What you are asked to do:
A faithful copy is required: transcribe each line below exactly, minus the pictures.

Provided data:
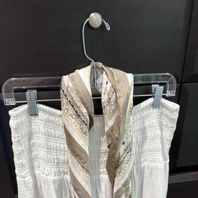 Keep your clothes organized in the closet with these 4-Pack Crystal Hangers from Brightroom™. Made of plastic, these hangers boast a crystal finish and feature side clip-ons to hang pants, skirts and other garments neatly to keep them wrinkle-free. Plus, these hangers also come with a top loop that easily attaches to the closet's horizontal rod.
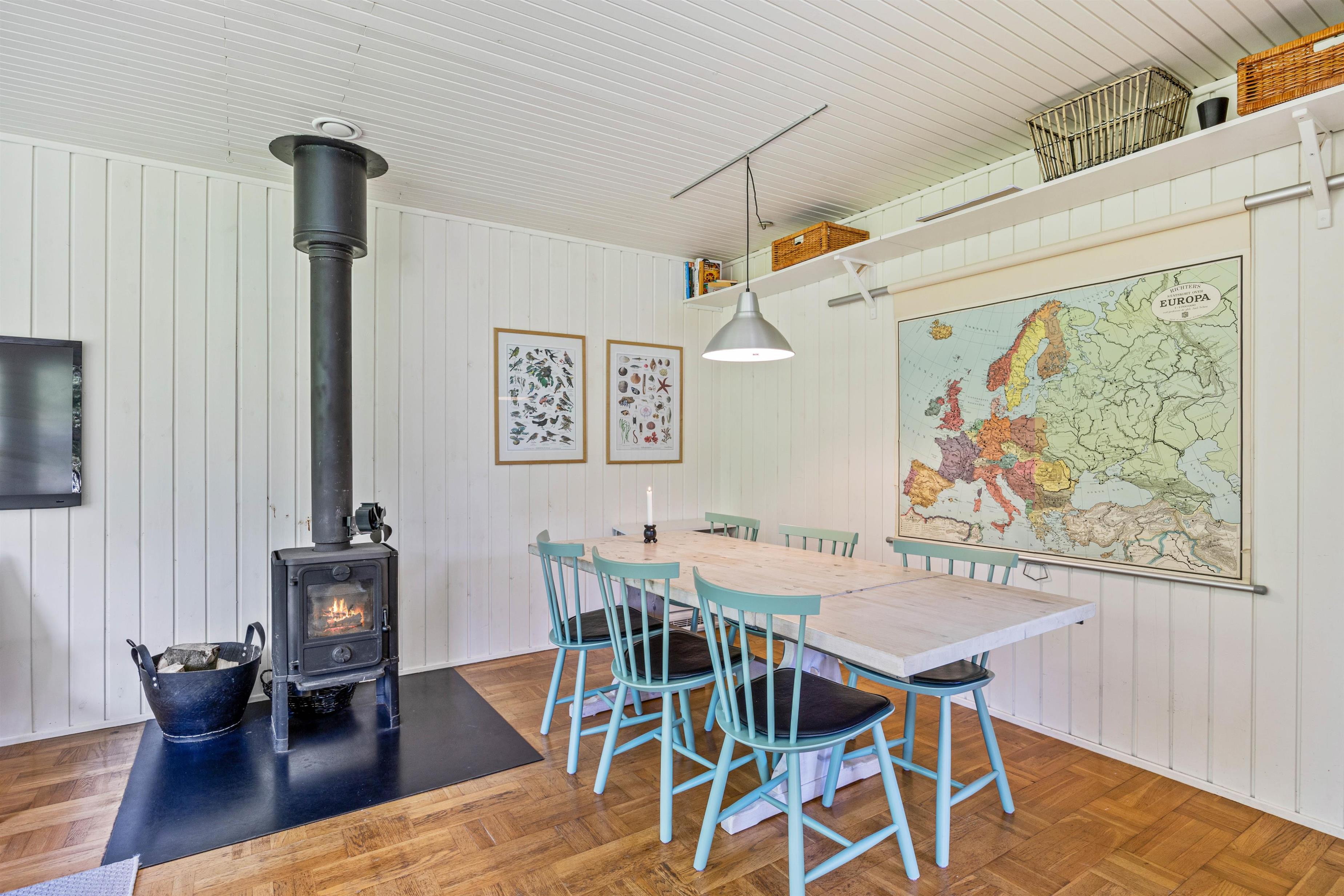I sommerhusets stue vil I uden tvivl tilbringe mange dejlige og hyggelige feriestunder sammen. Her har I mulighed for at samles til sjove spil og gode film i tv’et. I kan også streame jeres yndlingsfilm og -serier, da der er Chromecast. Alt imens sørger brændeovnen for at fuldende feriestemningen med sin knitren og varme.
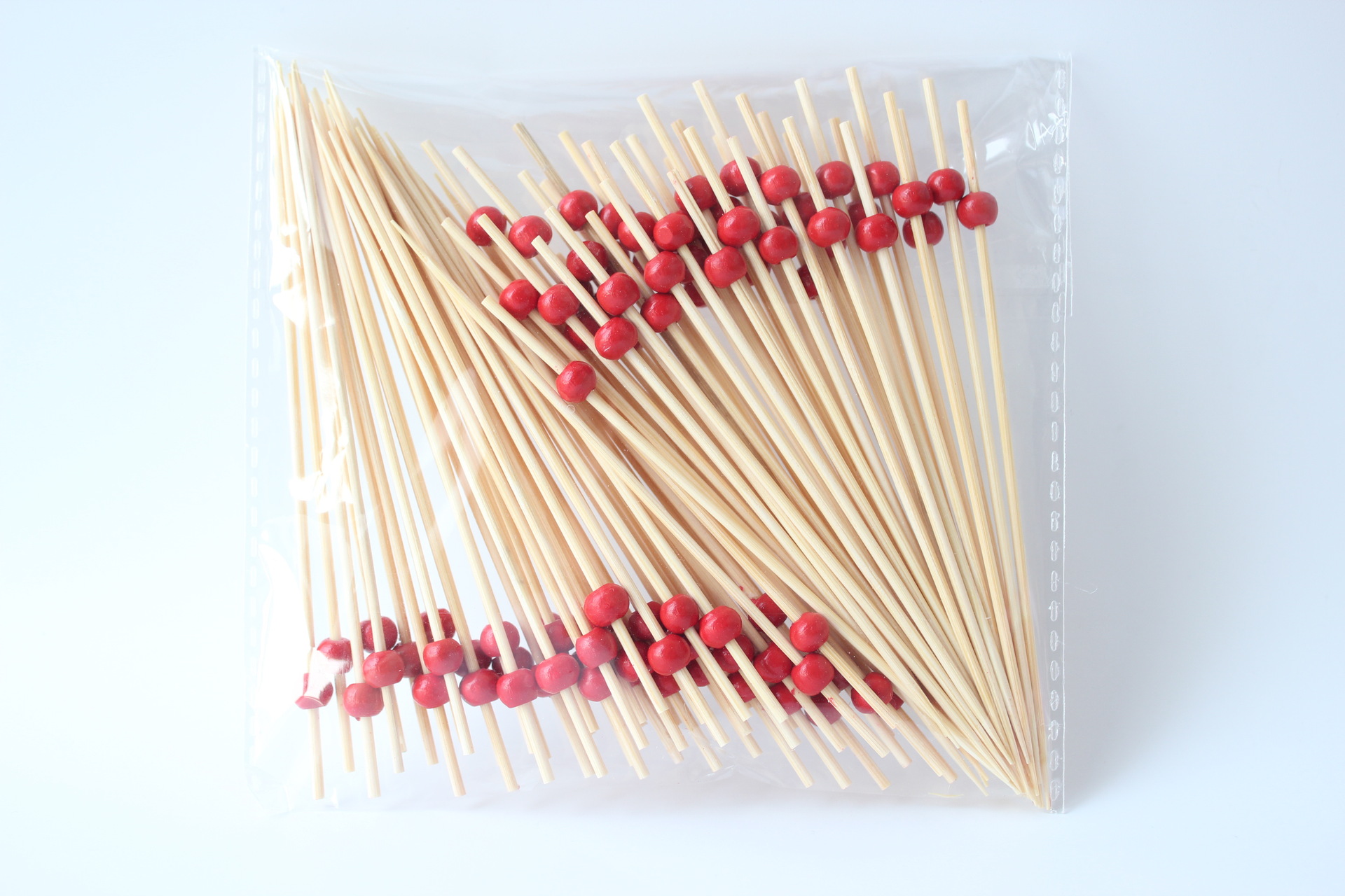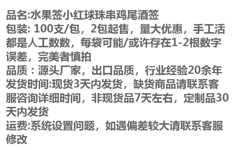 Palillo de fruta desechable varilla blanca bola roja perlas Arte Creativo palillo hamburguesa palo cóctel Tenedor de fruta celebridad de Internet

Task output:
 Keep your clothes organized in the closet with these 4-Pack Crystal Hangers from Brightroom™. Made of plastic, these hangers boast a crystal finish and feature side clip-ons to hang pants, skirts and other garments neatly to keep them wrinkle-free. Plus, these hangers also come with a top loop that easily attaches to the closet's horizontal rod.
I sommerhusets stue vil I uden tvivl tilbringe mange dejlige og hyggelige feriestunder sammen. Her har I mulighed for at samles til sjove spil og gode film i tv’et. I kan også streame jeres yndlingsfilm og -serier, da der er Chromecast. Alt imens sørger brændeovnen for at fuldende feriestemningen med sin knitren og varme.
 Palillo de fruta desechable varilla blanca bola roja perlas Arte Creativo palillo hamburguesa palo cóctel Tenedor de fruta celebridad de Internet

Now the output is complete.